§ Task description
Skip the pictures. Return exactly the lines from the one containing "商品名称:鸿冠管道排气扇风机HF一100P静音卧室卫生间抽风机换气家用通风" through the end of the entries below.

Stored items
· · · · · · ·

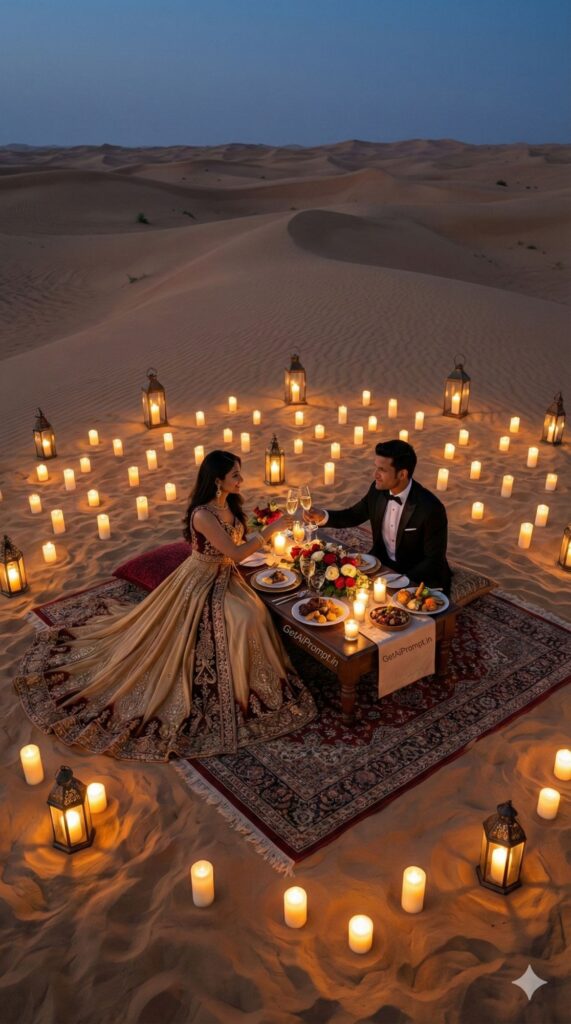 romantic aerial-style shot of a private desert dinner setup, [same 100% identical face uploaded], [SKIN_TONE: Candlelight glow], wearing [OUTFIT: Elegant evening gown and Tuxedo], [LOCATION: Middle of nowhere in the dunes], [ACTION: Sitting on Persian rugs at a low table filled with candles and food, toasting glasses], [EMOTION: "Just the two of us", intimate luxury], [LIGHTING: Soft glow of hundreds of candles on the sand], [ATMOSPHERE: Twilight blue sky], brand embedding "GetAiPrompt.in" on a menu card, 8K, cinematic romance, --ar 9:16
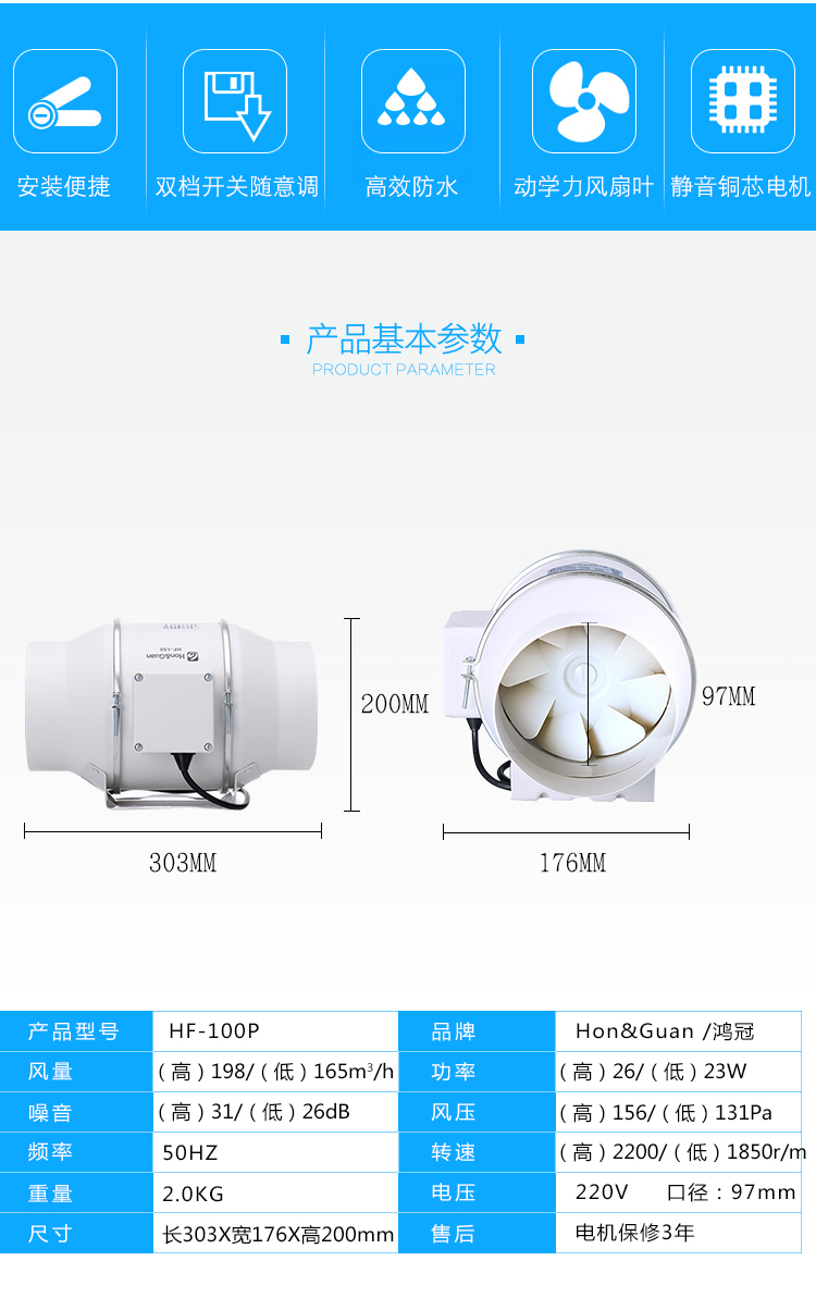 商品名称:鸿冠管道排气扇风机HF一100P静音卧室卫生间抽风机换气家用通风
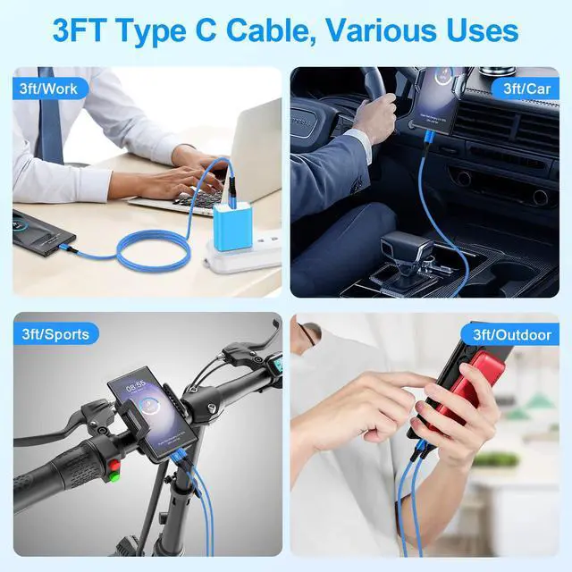 2 Packs 3 FT USB C iPhone 16 Plus Car Charger Cord (Blue, Purple)
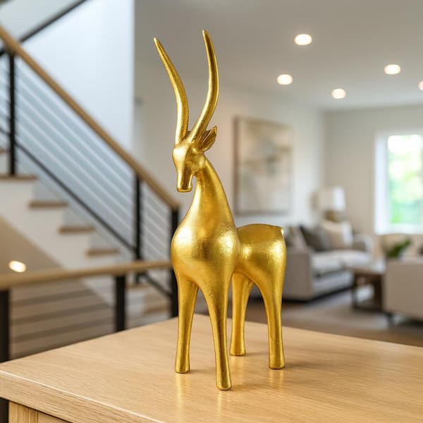 Goat Gold 12 in. x 6 in. x 3 in. Abstract Aluminum Metal Goat Sculpture
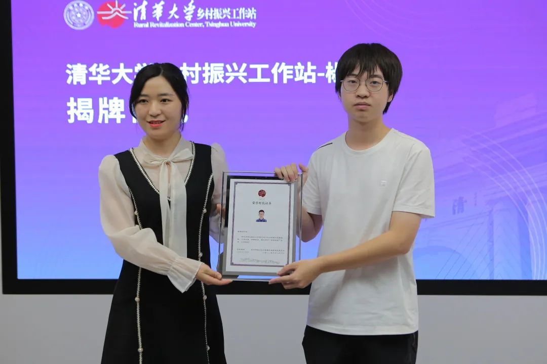 大陈镇镇长蒋瑛为陈锴乐颁发荣誉村民证书,虞晨阳、康润琪、丁月文、陈仪馨、张晨玥、刘逸超、黄超逸、陈曦儿等八名参加大陈镇社会实践活动的beat365英国官方网站学生也获得了荣誉村民称号。
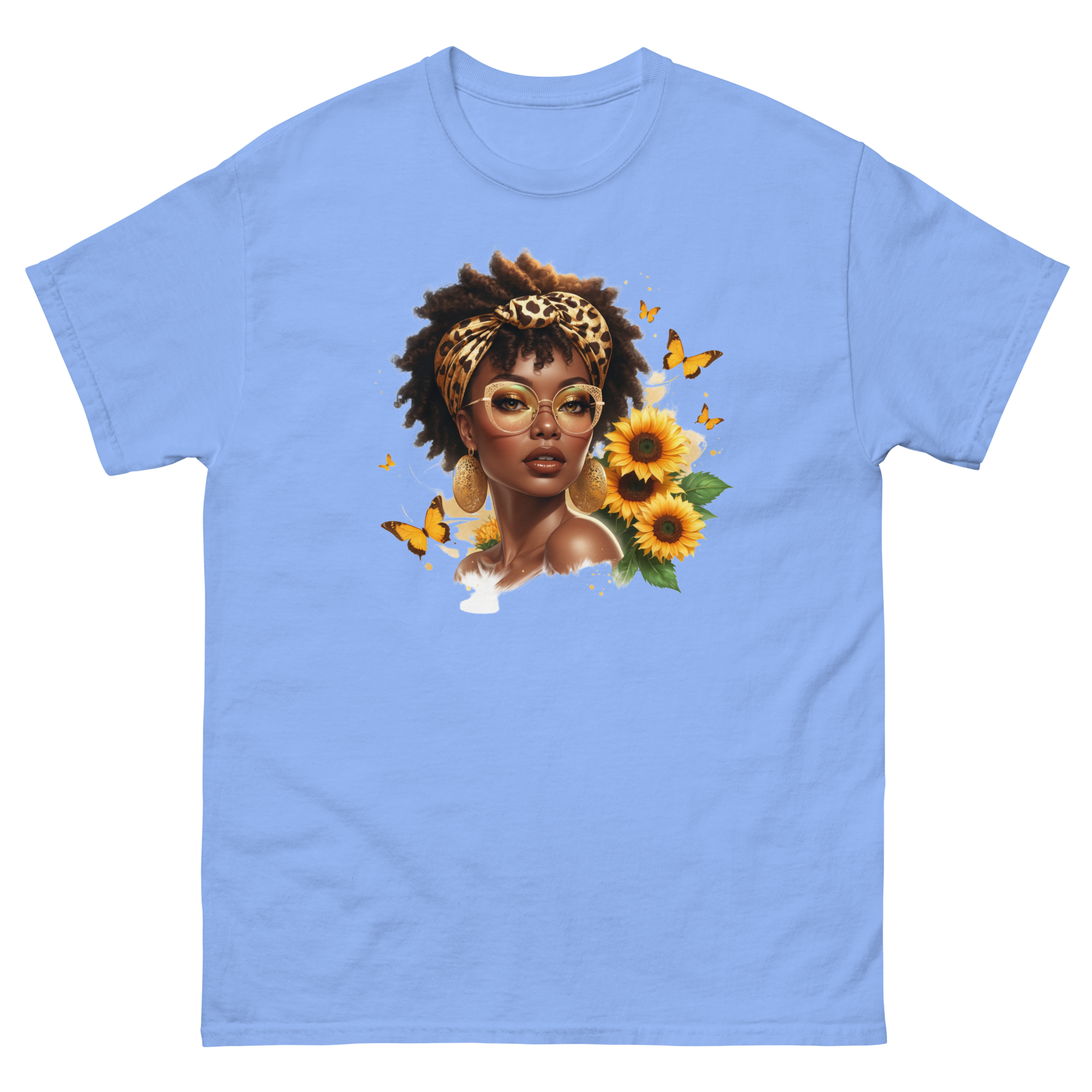 🌻 Bring fierce, radiant energy to your wardrobe with our Afro Chic Sunflower T-Shirt! Featuring a stunning afro-curly beauty with a bold leopard print headwrap, golden glasses, vibrant sunflowers, and fluttering butterflies, this graphic tee celebrates confidence, empowerment, and natural beauty. Perfect for making a statement with style every day! ✨

· · · · · · ·

§ Answer below
 商品名称:鸿冠管道排气扇风机HF一100P静音卧室卫生间抽风机换气家用通风
 2 Packs 3 FT USB C iPhone 16 Plus Car Charger Cord (Blue, Purple)
 Goat Gold 12 in. x 6 in. x 3 in. Abstract Aluminum Metal Goat Sculpture
 大陈镇镇长蒋瑛为陈锴乐颁发荣誉村民证书,虞晨阳、康润琪、丁月文、陈仪馨、张晨玥、刘逸超、黄超逸、陈曦儿等八名参加大陈镇社会实践活动的beat365英国官方网站学生也获得了荣誉村民称号。
 🌻 Bring fierce, radiant energy to your wardrobe with our Afro Chic Sunflower T-Shirt! Featuring a stunning afro-curly beauty with a bold leopard print headwrap, golden glasses, vibrant sunflowers, and fluttering butterflies, this graphic tee celebrates confidence, empowerment, and natural beauty. Perfect for making a statement with style every day! ✨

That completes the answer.